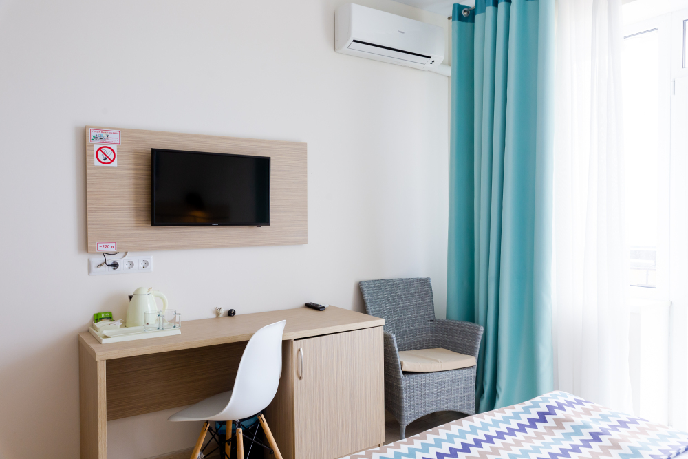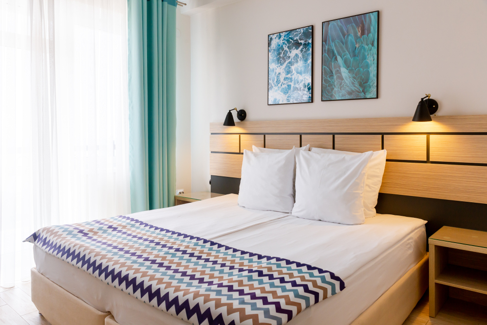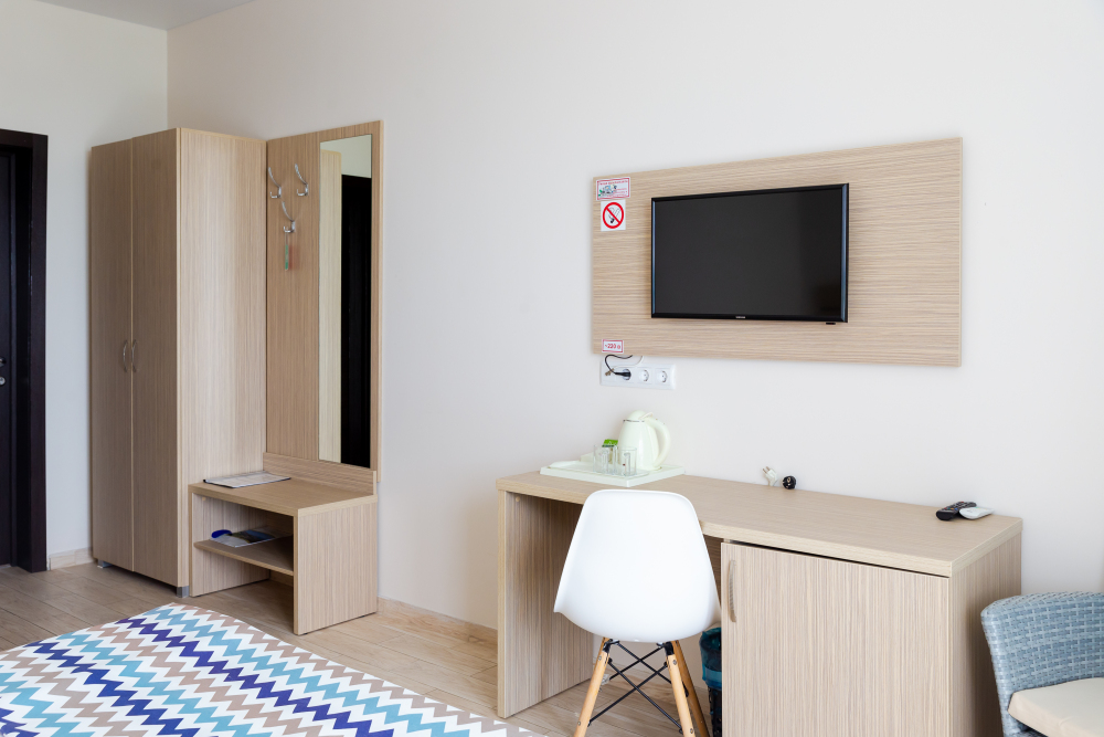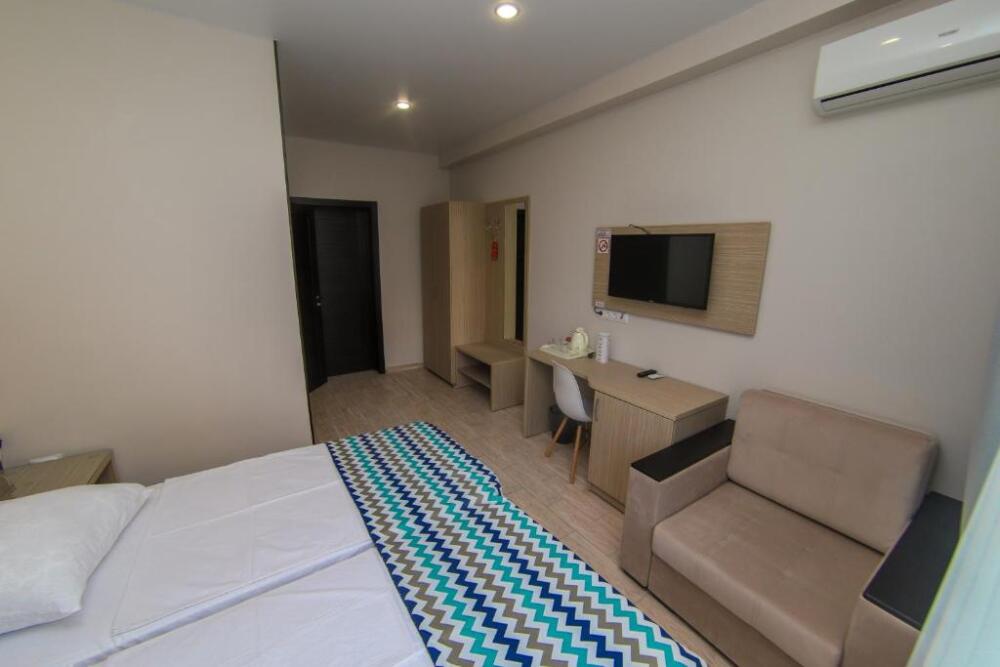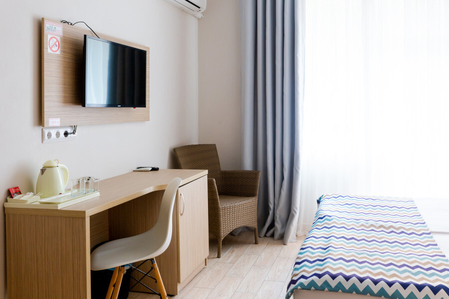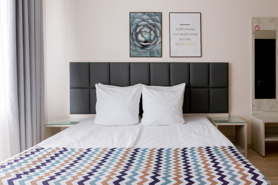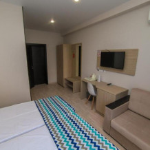Двухместный номер с двуспальной кроватью. Вмещает до 2 гостей с возможностью дополнительного места для ребенка.
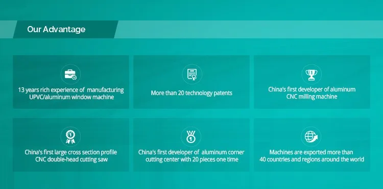 around 2010, the company was one of the best companies manufacturing UPVC plastic material cutting center, UPVC doors and Windows cleaning welding automatic production line, aluminum cutting center, four head corner combining machine. In 2012 developed china’s first aluminum profile 4-axis CNC milling machine, 2015 developed China's first manufacturing sun room doors and Windows of large cross section of CNC double cutting saw, first developed CNC corner cutting center that can cut more than 10 yards. And apply for the two national invention patent.
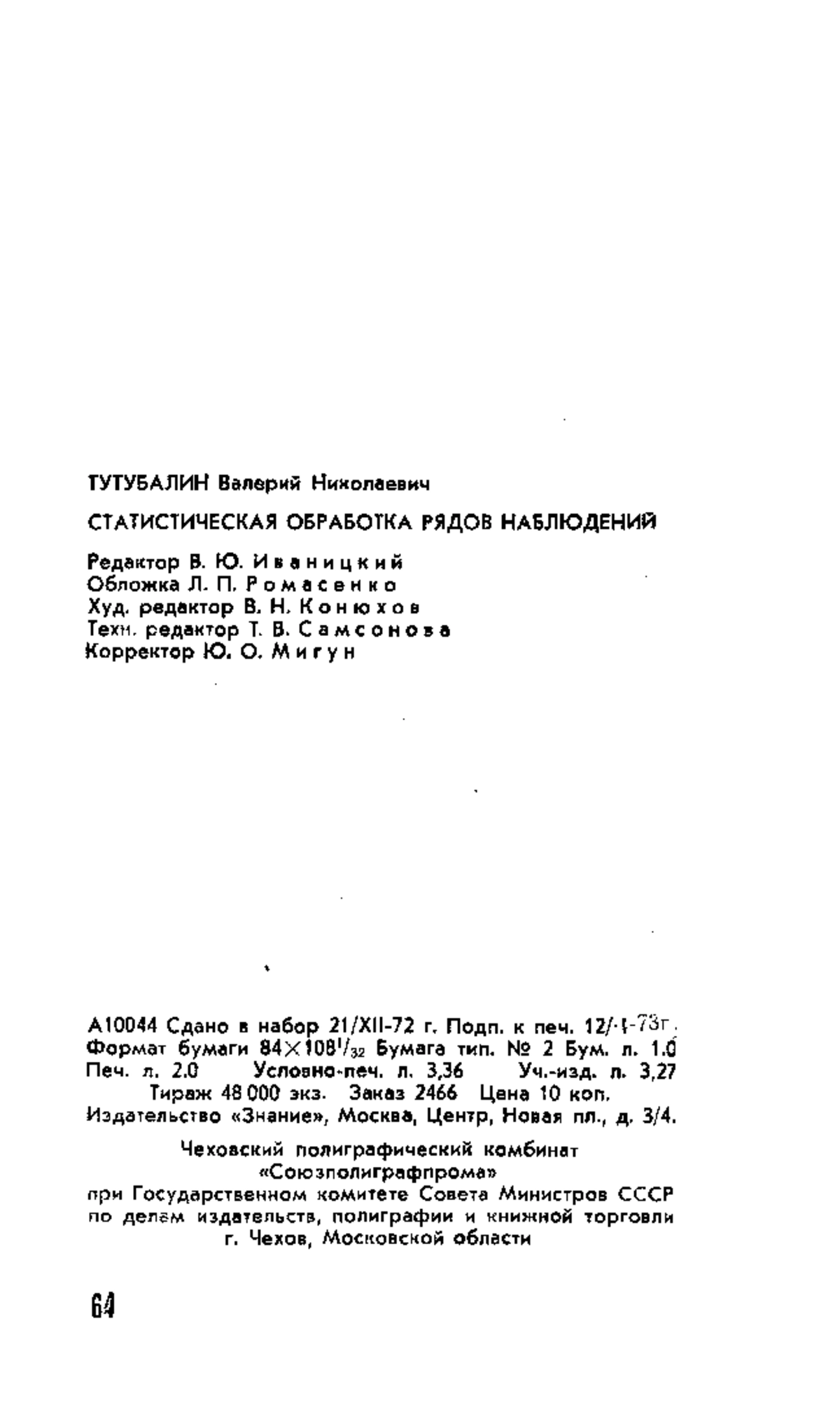 В брошюре рассмотрены методы обработки рядов наблюдений (метод наименьших квадратов и методы теории случайных процессов) и критически оцениваются возможности их использования.
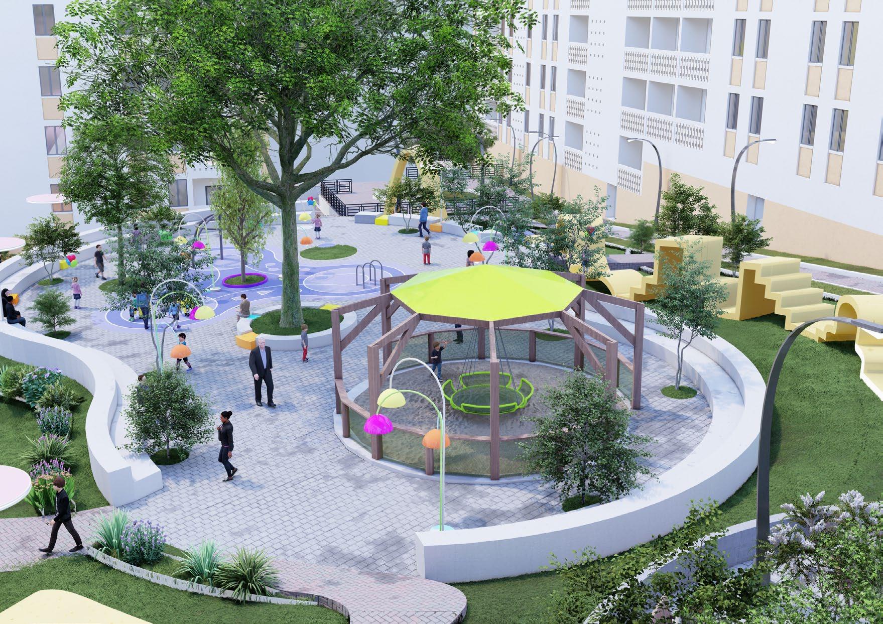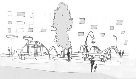 Notre espace public s’inscrit dans le projet urbain de Amir zemour ‘’Sporty concorde’’ qui vise à lier la concorde au restant de la ville par une continuité fonctionnelle, à savoir le sport, à travers des équipements avec un parcours sportif qui relie et prolonge leurs activités. Notre projet, une aire de jeux aux couleurs vives, constitue un nouveau jalon dans la typologie des interventions publiques urbaines à l’échelle du quartier. Quand au site, de par son emplacement au centre de 3 barres d’habitation, et aux qualités d’intimité et de proximité qu’il offre aux usagers, il sera destiné aux enfants et à leurs parents, habitants des 3 barres. Le projet comporte 3 plateformes épousant la pente du terrain : Une aire de jeux pour enfants, aire de loisirs et de jeux de dominos et éspace détente pour les femmes, assurant plus d’intimité.
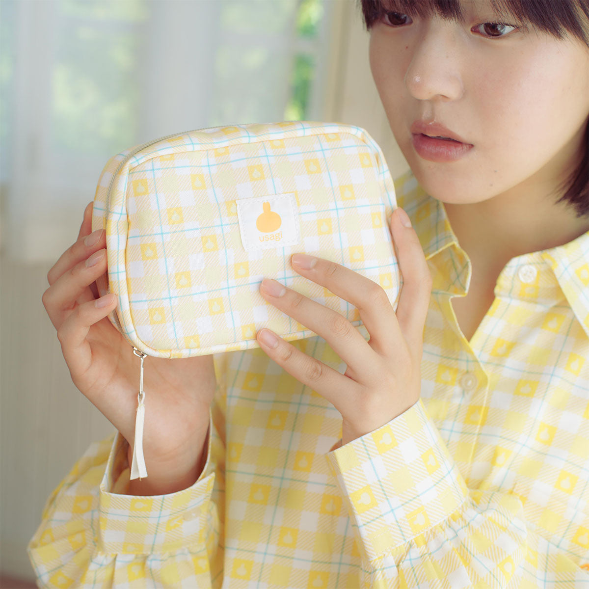 ちいかわ チェックシリーズ ポーチ うさぎ イエロー
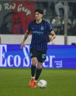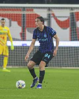Francesco Pio Esposito of Inter FC play the ball during US Cremonese vs Internazionale FC, 23° Serie A Enilive 2025-26 game at Giovanni Zini stadium in Cremona (CR), Italy, on January 25, 2026. (Photo by Davide Casentini)I- AGENZIA ALDO LIVERANI SAS
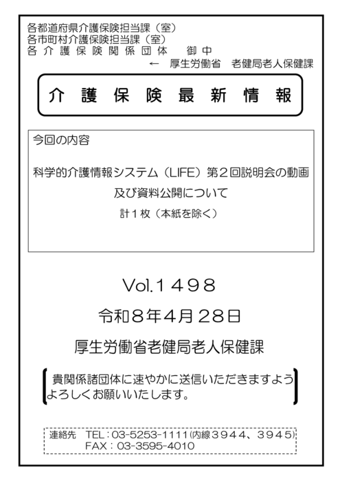 ・科学的介護情報システム(LIFE)第2回説明会の動画 及び資料公開について(介護保険最新情報Vol.1498)

- _ABOUT THIS TASK_
Pick up at the line containing "Francesco Pio Esposito" and copy each line exactly until the data ends, including that last line; copy no pictures.

- _SOLVED PROBLEM_
Francesco Pio Esposito of Inter FC play the ball during US Cremonese vs Internazionale FC, 23° Serie A Enilive 2025-26 game at Giovanni Zini stadium in Cremona (CR), Italy, on January 25, 2026. (Photo by Davide Casentini)I- AGENZIA ALDO LIVERANI SAS
 ・科学的介護情報システム(LIFE)第2回説明会の動画 及び資料公開について(介護保険最新情報Vol.1498)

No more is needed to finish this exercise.